Mainstream and conventional civil society and their supporters need to become more political. Achieving social justice in a profound and lasting manner is fundamentally a political project. NGOs’ “non-everything” approach—for example, being nonpartisan and nonpolitical—has failed to grasp this. Social, economic, and political justice will be achieved when power shifts from the privileged few to the oppressed majority who directly bear the brunt of injustice. This power shift will not be delivered in meetings held at the Imperial Royale Hotel in Kampala but in freer, more creative, more inclusive spaces and theaters of nonviolent action.

Conventional CSOs must spend less time hand-wringing and more time acting. Currently, they agonize endlessly about shrinking civic and political space, issue press statements about police brutality, make loud calls to the deaf about the need to respect law and order, and focus on the regime’s likely constitutional amendment to remove the age limit for the president without organizing to resist it. While their preferred technocratic approach is important, CSOs have gotten away from the popular struggles that the new activism is now addressing. They must get the balance right.

Conclusions

It is important not to overstate the influence of Uganda’s emerging civic movements and new expressions of civic activism. However, something is clearly changing, and the new civic activism is undoubtedly adding important elements to conventional civil society.

The new movements and activism are caught between the unholy trinity of a repressive state, risk-averse donors, and a frightened, traditional civil society. The risk is that they will be crowded out or co-opted. The lure of donor money may tempt them into the log frame mind-set, they may be co-opted through state patronage, or they may be delegitimized by conventional civil society as being part of “uncivil” society. The new activism could be pushed underground, making it less transparent and more radical, even violent.

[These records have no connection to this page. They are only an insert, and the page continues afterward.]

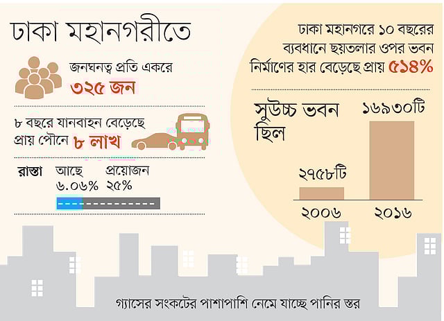 ঢাকা মহানগরে ১০ বছরের ব্যবধানে ছয়তলার ওপর ভবন নির্মাণের হার বেড়েছে প্রায় ৫১৪ শতাংশ। উঁচু ভবন তৈরির ক্ষেত্রে পর্যাপ্ত জায়গা ছাড়া হচ্ছে না। ফলে জনঘনত্বের পাশাপাশি বাড়ছে যানজট। পানি ও গ্যাসের মতো নাগরিক পরিষেবায় চাপ বাড়ছে।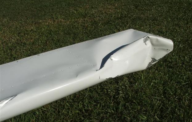 Now imagine taking a hammer and hitting the bottom of your wing as hard as you can – probably get a big ugly dent. The impact from this incident drove the outside door handle right through the wing skin! The door itself has very little mass, so the velocity must have been extremely high to generate enough momentum to cause that puncture!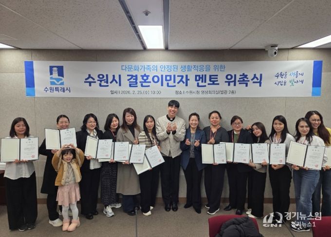 [경기뉴스원/경기뉴스1] | 수원특례시가 25일 시청 영상회의실에서 ‘2026년 결혼이민자 멘토 위촉식’을 열고 선배 이민자 멘토 15명을 위촉했다.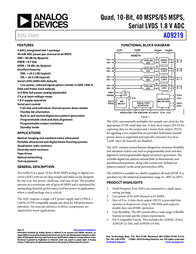 AD9219 Quad, 10-Bit, 40/65 MSPS Serial LVDS 1.8 V A/D Converter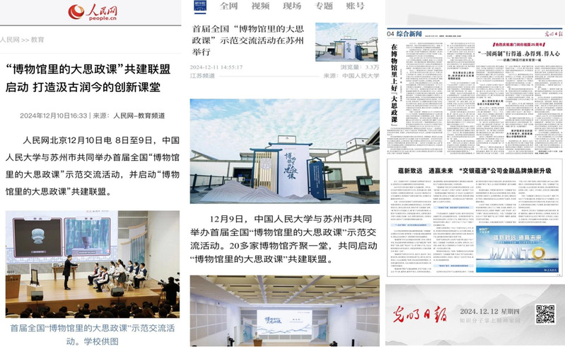 为加快推进大中小学思想政治教育一体化建设,引导各地各学校更好发挥文博资源优势、汇聚馆校联动合力、创新文化育人模式,在教育部、国家文物局、团中央的指导和新华社新闻信息中心、中央广播电视总台研究院、人民教育出版社支持下,中国人民大学联合苏州市于 2024 年 12 月 8 日至 9 日在苏州举办全国“博物馆里的大思政课”示范交流活动。91自拍 院长孙建华、副院长朱蓉蓉、院长助理孔川,院长助理林慧平等60余名师生代表受邀参加。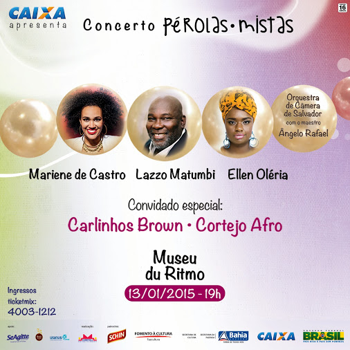 Para celebrar e valorizar a cultura afro-brasileira, o Museu du Ritmo recebe, na próxima terça-feira, dia 13 de janeiro, a segunda temporada do Concerto Pérolas Mistas, a partir das 19h. Este é mais um projeto idealizado por Carlinhos Brown que, com direção de Elísio Lopes Jr., promove um espetáculo cênico musical de contemplação à música de matriz africana. Ellen Oléria, Mariene de Castro, Lazzo e Carlinhos Brown formam o grupo de solistas que, nesta primeira edição desta temporada, vai apresentar um repertório rico em canções dos blocos afros e clássicos da música negra do mundo, junto a Orquestra de Câmara de Salvador, regida pelo maestro Ângelo Rafael Fonseca, e aos alabês convidados. “O espetáculo prima pela nobreza da nossa cultura negra. Sermos todos pérolas é o mote para a concepção cênica luxuosa que estamos buscando. E a poesia não só da música mas também do visual e dos textos que são interpretados pelos solistas”, explica o diretor Elisio Lopes. O Pérolas Mistas tem o concerto musical como elemento central, mas seu grande diferencial está em trazer toda a musicalidade presente nos terreiros, fortalecendo e demonstrando a relevância da música ancestral da Bahia, com uma produção teatral presente, por exemplo, na cenografia, concebida por Renata Motta e nos figurinos, do estilista Ismael Souddam. O espetáculo, que continua com os mesmos anfitriões e novos blocos afros nos dias 20, 27 e 03 de fevereiro, é realizado pela Candyall Entertainment e conta com os patrocínios de Secretaria da Fazenda, Secretaria da Cultura e Governo do Estado da Bahia, através do FazCultura, Schin e Caixa, além dos apoios de SeAgitte, Uranus2 e restaurante 33 Downtown. Os ingressos estão à venda por R$ 40 nos balcões da Ticketmix e através do site Ingresso Rápido. Pérolas Mistas Atrações: Ellen Oléria, Mariene de Castro, Lazzo Matumbi, Carlinhos Brown, Orquestra de Câmara de Salvador, com o maestro Ângelo Rafael Fonseca e o Cortejo Afro. Local: Museu Du Ritmo, Comércio - Salvador (BA) Data: 13 de janeiro Horário: a partir das 19 horas Ingresso: R$ 40 Vendas nos balcões da Ticketmix e através do site Ingresso Rápido Informações: Candyall Entertainment (71) 3113-1504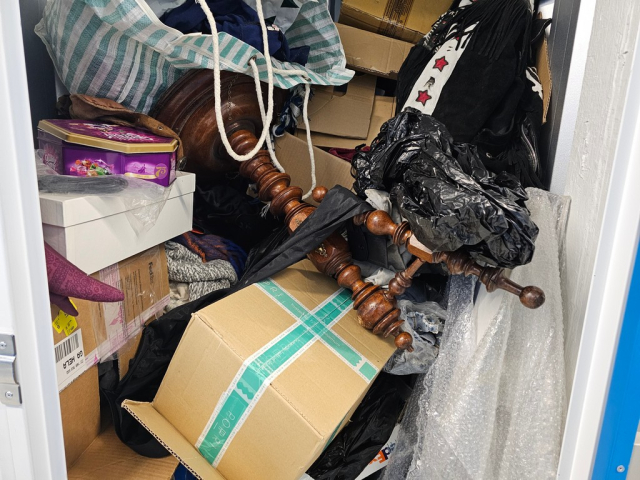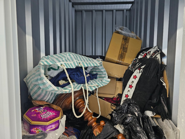 Myydään huutokaupalla kuvassa näkyvän varaston sisältö, vuokranantajan / haltijan lukuun.
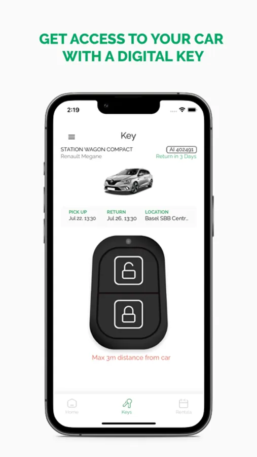 After completing our easy verification process, simply start your rental and GO! Our digital key gives you maximum flexibility, access your car even without internet connection.

For their part, new movements and civic activism show signs of being too dismissive of conventional CSOs. They can demonstrate an overconfidence of what has been called the arrival mentality—when someone is prematurely satisfied with early successes—making them very intolerant of others and undermining the plurality of voices and methods among civil society actors. New forms of activism and emerging movements could in this way undermine the development of a more inclusive, plural, and connected civil society. In fact, emerging movements and new forms of activism could still end up fading away like yet another fad, leaving greater disillusionment and an emboldened repressive regime.

Despite the need for caution, emerging movements and new forms of activism undoubtedly represent an important wave that should be better understood and supported. What Uganda needs is a refined form of bothestablished CSOs and new movements. This will require creative imagination at the frontier of new civic activism in Uganda.

Arthur Larok is the country director of ActionAid Uganda. He is a member of Carnegie’s Civic Research Network.

Notes

1 See ActionAid Uganda, “Strengthening Struggles for Social Justice,” forthcoming, 2017.

2 See Arthur Larok, “Re-invigorating Civil Society in Uganda: An Agenda for the Future,” ActionAid Uganda, forthcoming, 2017.